Cervicogenic dizziness has no single positive test. The clinical examination instead works by elimination at the periphery: provoke each candidate sensory channel in isolation and see which one reproduces the symptom. Four bedside manoeuvres do most of the work — the Cervical Torsion Test, the Head-Neck Differentiation Test, the Smooth Pursuit Neck Torsion (SPNT) test, and the Joint Position Error (Revel) test.
The short version
The examination uses a clever trick. The inner ear and the neck both send "where is my head" signals to the brain. If you can stimulate the neck while keeping the inner ear still — by rotating the body under a fixed head — and the patient gets dizzy, the dizziness must be coming from the neck.
Four short tests do most of the work:
Cervical Torsion Test — patient on a swivel chair, head held still, body rotated 45–90° and held for 30 seconds. Watch for symptoms.
Head-Neck Differentiation Test — compare what happens when only the head turns vs only the body turns.
SPNT — the patient tracks a moving target with their eyes, first with the body straight, then with the body rotated. A pursuit that gets worse with body rotation is cervicogenic.
Joint Position Error — a laser on the patient's head shows whether they can return their head to neutral after a rotation, with their eyes closed.
Body angle0° —
Hold time0s / 30s
Interpretationneutral / not sustained
Protocol. The patient sits on a swivel chair. The examiner stabilises the head in neutral. The body is rotated ~45–90° to one side and held for 30 seconds, then returned to neutral and repeated to the other side. Reproduction of vertigo, lightheadedness, or visual disturbance during sustained torsion is a positive finding.

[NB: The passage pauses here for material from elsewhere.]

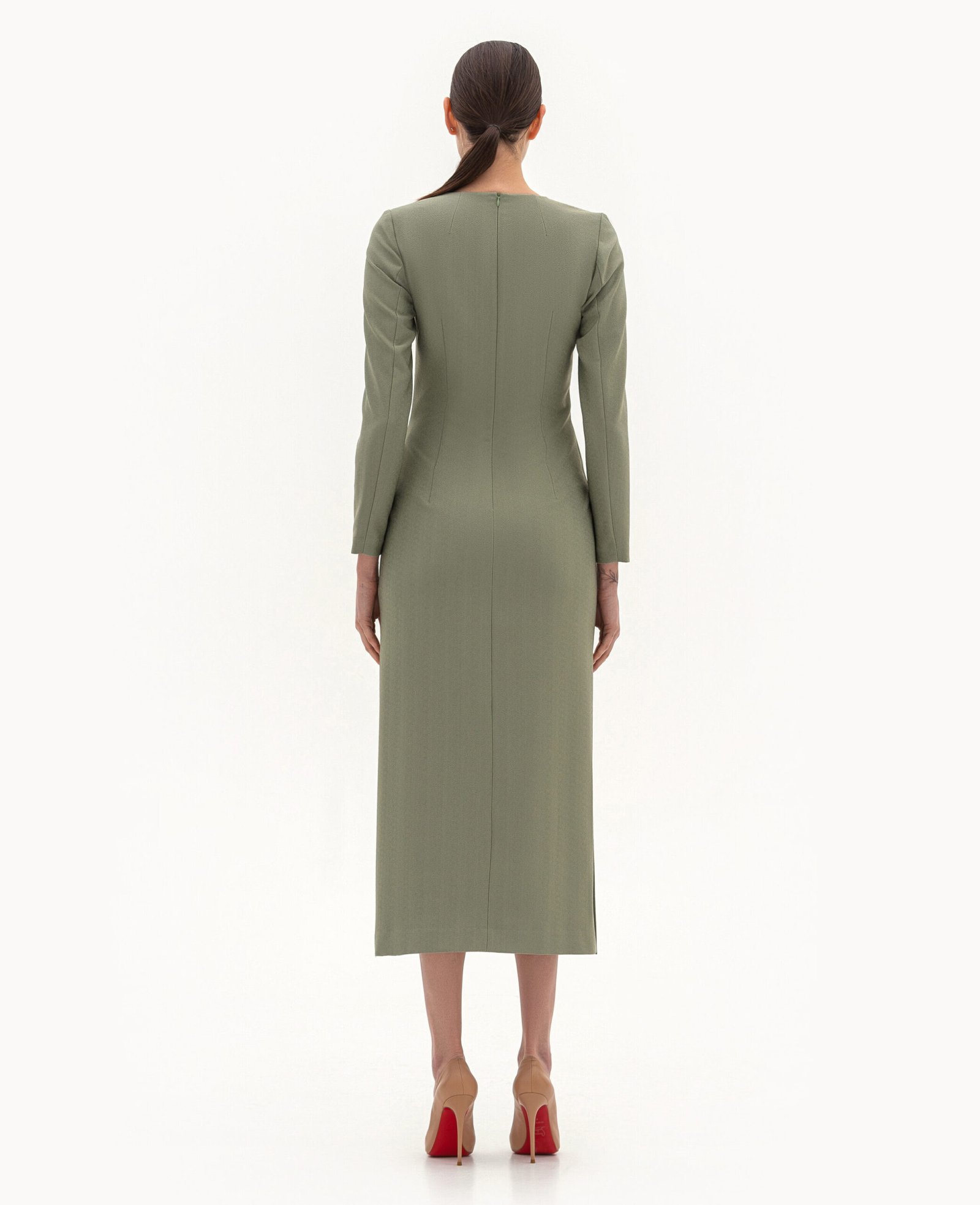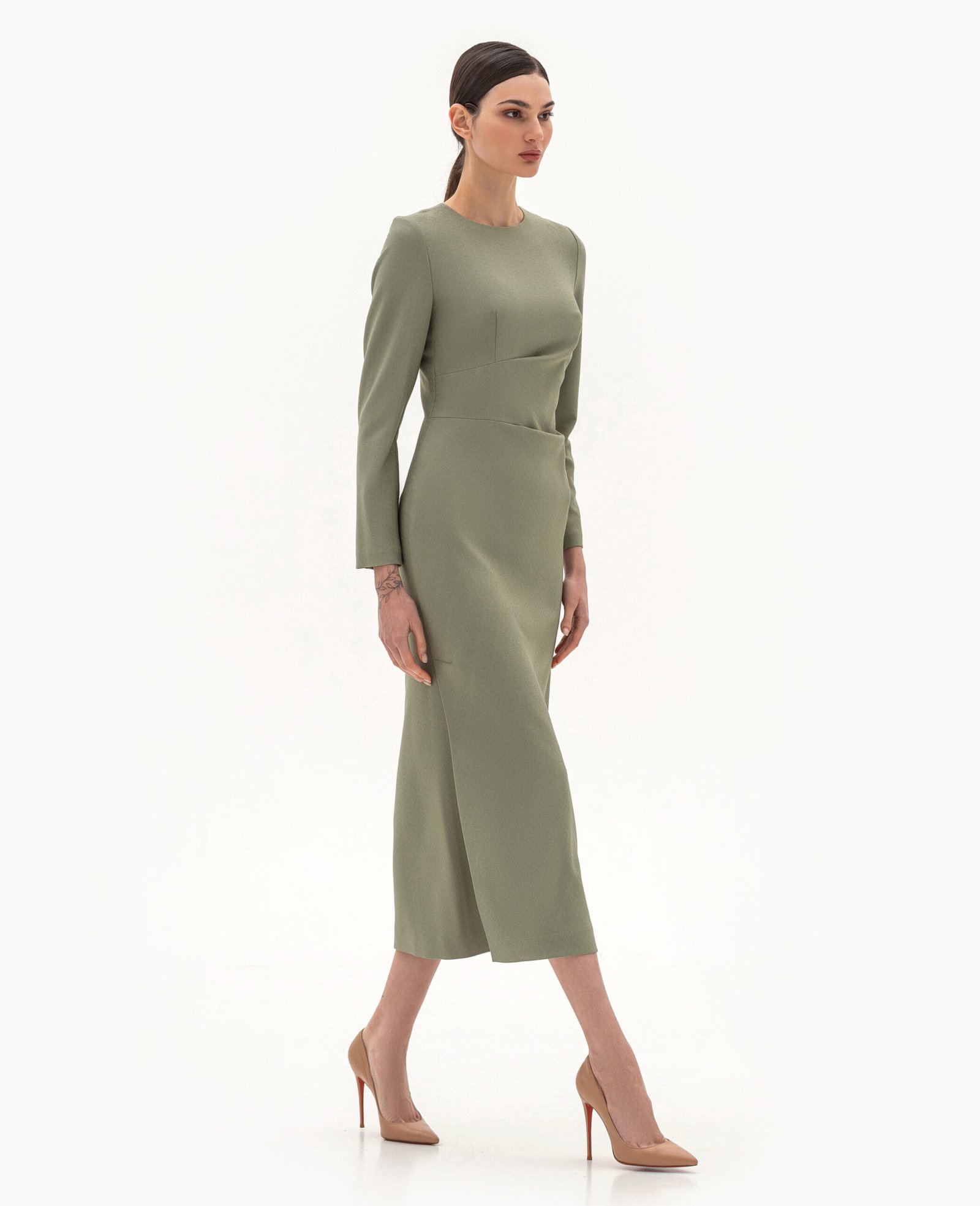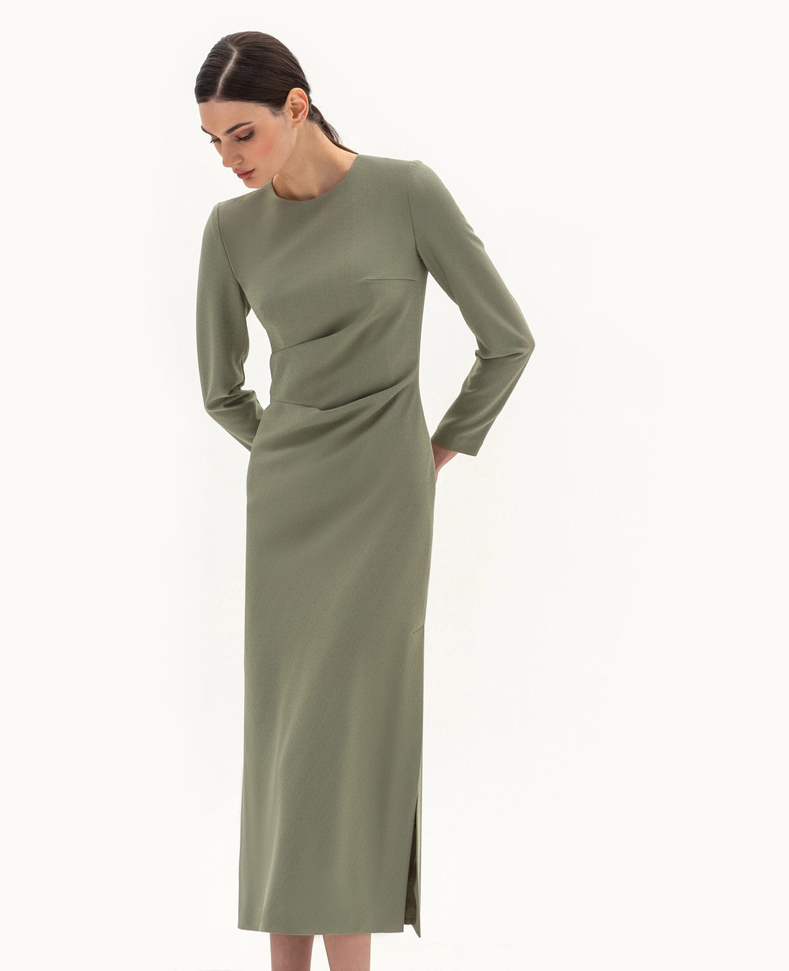 Вигляд виробу: пряма сукня з декоративними складками, що драпіруються, в області талії та грудей, з двома бічними шліцями.

Figure 4.1 — Interactive Cervical Torsion Test. Because the head is held still, vestibular input is constant throughout. Any symptom provoked must arise from disordered cervical afferent input or from positional compromise of vertebrobasilar flow.
One sentence to remember. If a manoeuvre that isolates the neck produces dizziness while one that isolates the inner ear does not, the neck is the source.
The principle of differential stimulation
The vestibular labyrinth and the cervical proprioceptive system both signal head position, and their outputs converge at the vestibular nuclei (Module 2, Fig. 2.3). At the bedside this convergence is a problem — symptoms from one source mimic symptoms from the other. The way around the problem is to design provocations that stimulate one channel while holding the other still:
Move the head in space → stimulates labyrinth and neck together.
Move the head on the trunk while the head stays still in space → stimulates the labyrinth without the neck. (Hard to achieve in practice; requires careful examiner support and slow accelerations.)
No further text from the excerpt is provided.